Data for this task:
----------

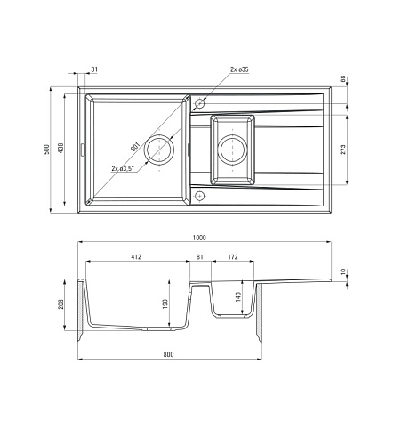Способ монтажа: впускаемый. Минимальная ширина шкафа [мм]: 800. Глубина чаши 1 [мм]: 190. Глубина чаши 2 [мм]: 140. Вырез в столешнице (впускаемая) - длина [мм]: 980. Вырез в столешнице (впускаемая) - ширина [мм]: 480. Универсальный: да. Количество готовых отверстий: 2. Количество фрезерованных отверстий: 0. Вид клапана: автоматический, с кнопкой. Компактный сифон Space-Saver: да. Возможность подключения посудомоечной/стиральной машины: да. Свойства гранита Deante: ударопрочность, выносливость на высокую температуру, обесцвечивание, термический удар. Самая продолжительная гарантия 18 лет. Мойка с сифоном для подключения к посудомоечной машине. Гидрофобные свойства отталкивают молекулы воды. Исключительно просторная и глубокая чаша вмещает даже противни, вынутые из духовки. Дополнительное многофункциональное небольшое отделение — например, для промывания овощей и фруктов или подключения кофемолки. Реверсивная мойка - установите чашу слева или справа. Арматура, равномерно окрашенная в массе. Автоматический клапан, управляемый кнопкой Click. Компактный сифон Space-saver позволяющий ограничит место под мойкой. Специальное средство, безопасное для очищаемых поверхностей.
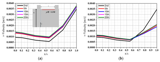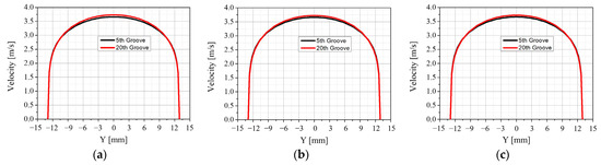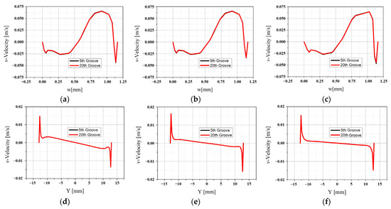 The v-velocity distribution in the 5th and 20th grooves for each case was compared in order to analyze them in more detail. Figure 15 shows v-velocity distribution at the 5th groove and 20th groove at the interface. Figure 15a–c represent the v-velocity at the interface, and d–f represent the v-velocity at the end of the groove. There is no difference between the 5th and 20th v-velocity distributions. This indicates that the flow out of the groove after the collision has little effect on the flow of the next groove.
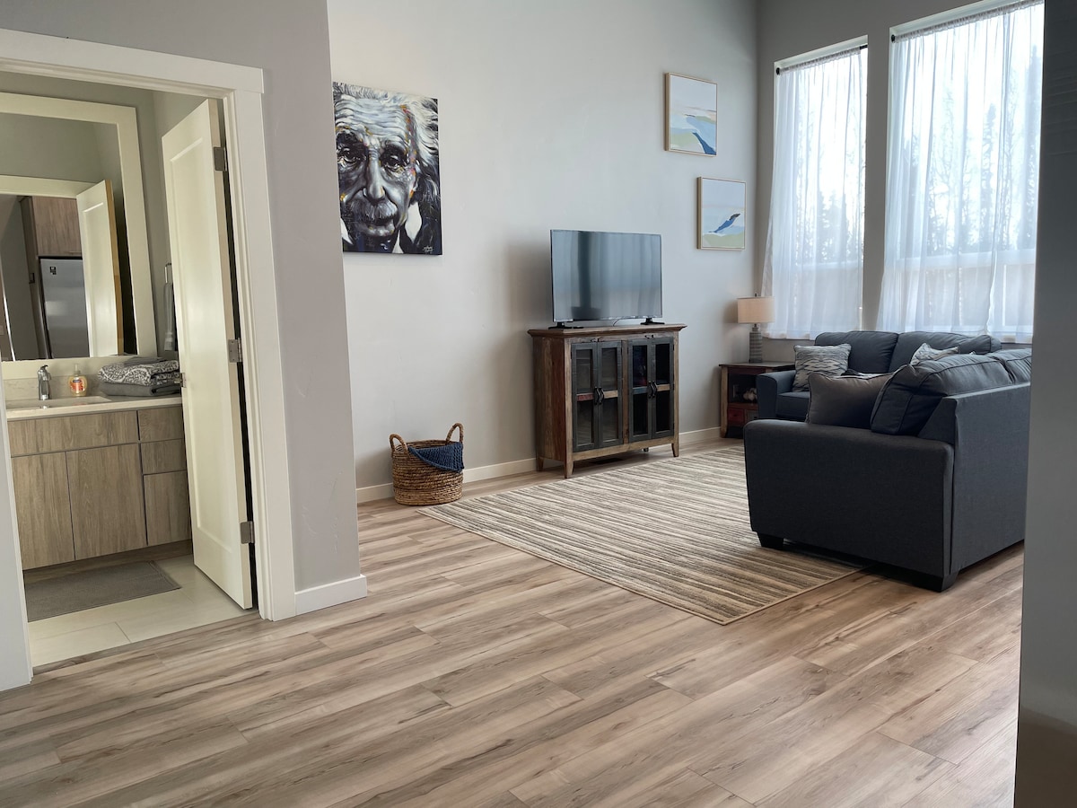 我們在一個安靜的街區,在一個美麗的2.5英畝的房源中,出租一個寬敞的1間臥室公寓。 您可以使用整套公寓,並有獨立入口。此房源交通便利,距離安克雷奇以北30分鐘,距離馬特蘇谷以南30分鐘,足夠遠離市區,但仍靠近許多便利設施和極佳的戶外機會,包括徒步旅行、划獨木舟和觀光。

----------

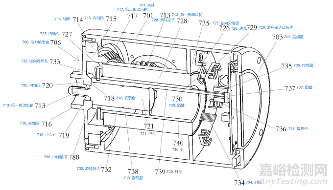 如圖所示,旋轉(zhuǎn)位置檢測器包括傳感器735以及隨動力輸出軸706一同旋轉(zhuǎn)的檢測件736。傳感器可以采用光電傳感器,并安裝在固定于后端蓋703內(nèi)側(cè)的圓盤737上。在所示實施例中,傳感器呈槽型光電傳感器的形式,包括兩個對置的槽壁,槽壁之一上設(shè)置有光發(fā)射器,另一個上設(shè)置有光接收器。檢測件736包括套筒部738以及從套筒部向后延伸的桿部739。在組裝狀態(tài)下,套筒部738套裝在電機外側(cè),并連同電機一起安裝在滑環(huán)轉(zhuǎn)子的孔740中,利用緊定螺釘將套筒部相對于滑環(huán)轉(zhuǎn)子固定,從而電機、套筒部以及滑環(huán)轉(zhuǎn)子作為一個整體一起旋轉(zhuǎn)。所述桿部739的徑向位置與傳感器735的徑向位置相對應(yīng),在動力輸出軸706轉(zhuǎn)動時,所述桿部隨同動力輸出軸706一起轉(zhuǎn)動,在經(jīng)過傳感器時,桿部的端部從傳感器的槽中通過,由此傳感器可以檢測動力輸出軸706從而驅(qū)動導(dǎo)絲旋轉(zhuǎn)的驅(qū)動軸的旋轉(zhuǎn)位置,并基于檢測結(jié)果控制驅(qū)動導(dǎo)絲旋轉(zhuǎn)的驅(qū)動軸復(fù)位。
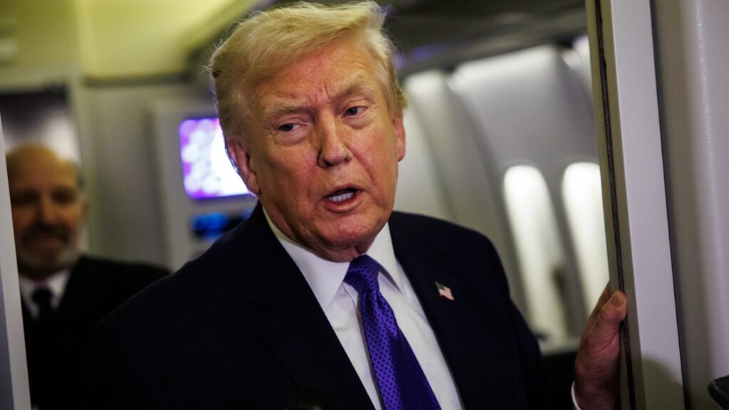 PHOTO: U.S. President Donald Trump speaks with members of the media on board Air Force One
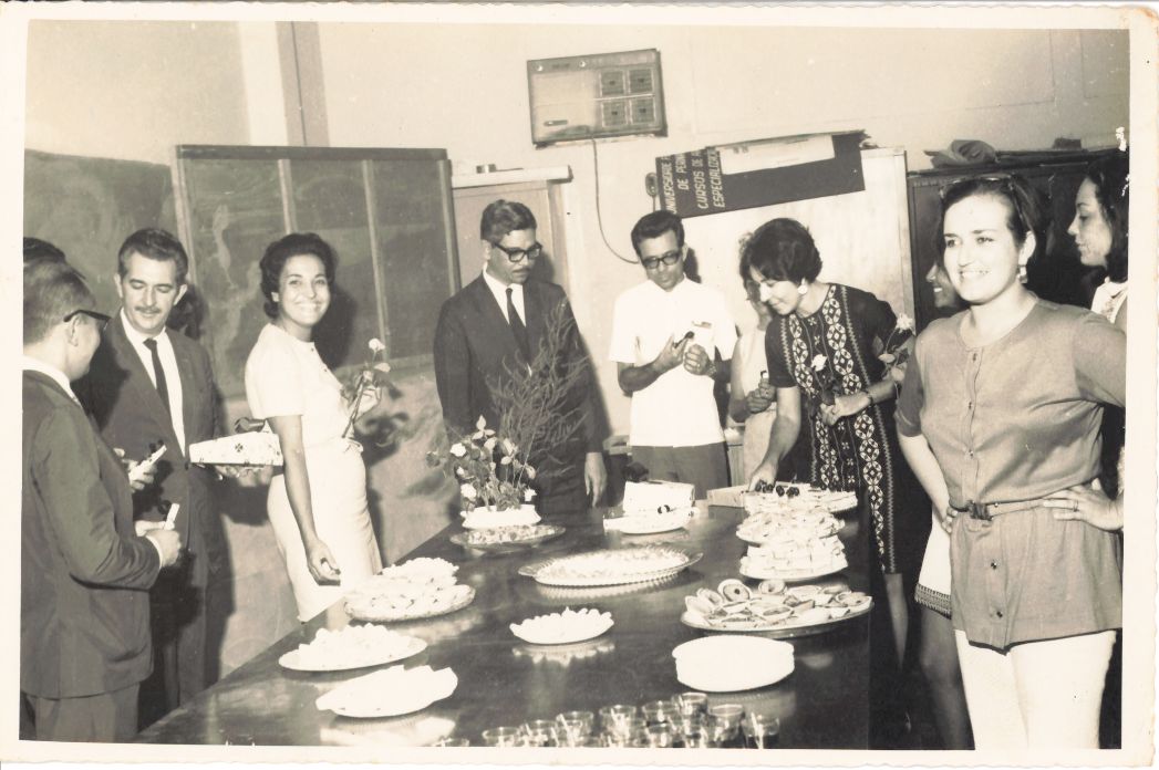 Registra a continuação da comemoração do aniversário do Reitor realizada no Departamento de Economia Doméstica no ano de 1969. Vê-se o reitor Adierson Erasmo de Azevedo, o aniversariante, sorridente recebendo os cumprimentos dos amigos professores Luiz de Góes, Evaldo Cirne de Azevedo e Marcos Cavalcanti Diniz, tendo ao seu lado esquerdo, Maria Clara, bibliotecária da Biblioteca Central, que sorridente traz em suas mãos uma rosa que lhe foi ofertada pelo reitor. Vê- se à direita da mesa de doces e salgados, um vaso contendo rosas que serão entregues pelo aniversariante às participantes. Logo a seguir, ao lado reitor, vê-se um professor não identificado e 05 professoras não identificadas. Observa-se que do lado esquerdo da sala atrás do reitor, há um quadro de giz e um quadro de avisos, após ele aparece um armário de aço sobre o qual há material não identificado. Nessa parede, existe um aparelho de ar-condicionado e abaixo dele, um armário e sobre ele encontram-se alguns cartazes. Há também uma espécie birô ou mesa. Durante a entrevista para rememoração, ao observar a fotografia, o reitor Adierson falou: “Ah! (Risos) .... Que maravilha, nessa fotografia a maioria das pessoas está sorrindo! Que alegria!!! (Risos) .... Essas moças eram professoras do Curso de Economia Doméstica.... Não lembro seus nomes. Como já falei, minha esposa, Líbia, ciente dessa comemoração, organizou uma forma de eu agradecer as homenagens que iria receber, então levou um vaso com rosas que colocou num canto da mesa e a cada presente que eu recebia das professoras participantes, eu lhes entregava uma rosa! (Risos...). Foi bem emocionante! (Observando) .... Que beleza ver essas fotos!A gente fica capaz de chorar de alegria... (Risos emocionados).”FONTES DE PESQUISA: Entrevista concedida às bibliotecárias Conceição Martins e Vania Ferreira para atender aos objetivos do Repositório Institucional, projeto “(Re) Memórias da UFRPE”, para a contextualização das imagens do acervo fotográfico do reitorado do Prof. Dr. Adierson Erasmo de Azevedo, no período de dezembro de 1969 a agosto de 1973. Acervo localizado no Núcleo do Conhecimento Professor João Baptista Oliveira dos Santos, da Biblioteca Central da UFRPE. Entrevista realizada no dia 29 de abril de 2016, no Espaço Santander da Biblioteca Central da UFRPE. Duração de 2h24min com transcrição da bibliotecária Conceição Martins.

----------

Exercise requirements: Using the data above, give again exactly the lines starting at the one holding "Способ монтажа: впускаемый." and ending at the one holding "我們在一個安靜的街區,在一個", inclusive, and nothing more. Omit the pictures.

Written response:
Способ монтажа: впускаемый. Минимальная ширина шкафа [мм]: 800. Глубина чаши 1 [мм]: 190. Глубина чаши 2 [мм]: 140. Вырез в столешнице (впускаемая) - длина [мм]: 980. Вырез в столешнице (впускаемая) - ширина [мм]: 480. Универсальный: да. Количество готовых отверстий: 2. Количество фрезерованных отверстий: 0. Вид клапана: автоматический, с кнопкой. Компактный сифон Space-Saver: да. Возможность подключения посудомоечной/стиральной машины: да. Свойства гранита Deante: ударопрочность, выносливость на высокую температуру, обесцвечивание, термический удар. Самая продолжительная гарантия 18 лет. Мойка с сифоном для подключения к посудомоечной машине. Гидрофобные свойства отталкивают молекулы воды. Исключительно просторная и глубокая чаша вмещает даже противни, вынутые из духовки. Дополнительное многофункциональное небольшое отделение — например, для промывания овощей и фруктов или подключения кофемолки. Реверсивная мойка - установите чашу слева или справа. Арматура, равномерно окрашенная в массе. Автоматический клапан, управляемый кнопкой Click. Компактный сифон Space-saver позволяющий ограничит место под мойкой. Специальное средство, безопасное для очищаемых поверхностей.
 The v-velocity distribution in the 5th and 20th grooves for each case was compared in order to analyze them in more detail. Figure 15 shows v-velocity distribution at the 5th groove and 20th groove at the interface. Figure 15a–c represent the v-velocity at the interface, and d–f represent the v-velocity at the end of the groove. There is no difference between the 5th and 20th v-velocity distributions. This indicates that the flow out of the groove after the collision has little effect on the flow of the next groove.
 我們在一個安靜的街區,在一個美麗的2.5英畝的房源中,出租一個寬敞的1間臥室公寓。 您可以使用整套公寓,並有獨立入口。此房源交通便利,距離安克雷奇以北30分鐘,距離馬特蘇谷以南30分鐘,足夠遠離市區,但仍靠近許多便利設施和極佳的戶外機會,包括徒步旅行、划獨木舟和觀光。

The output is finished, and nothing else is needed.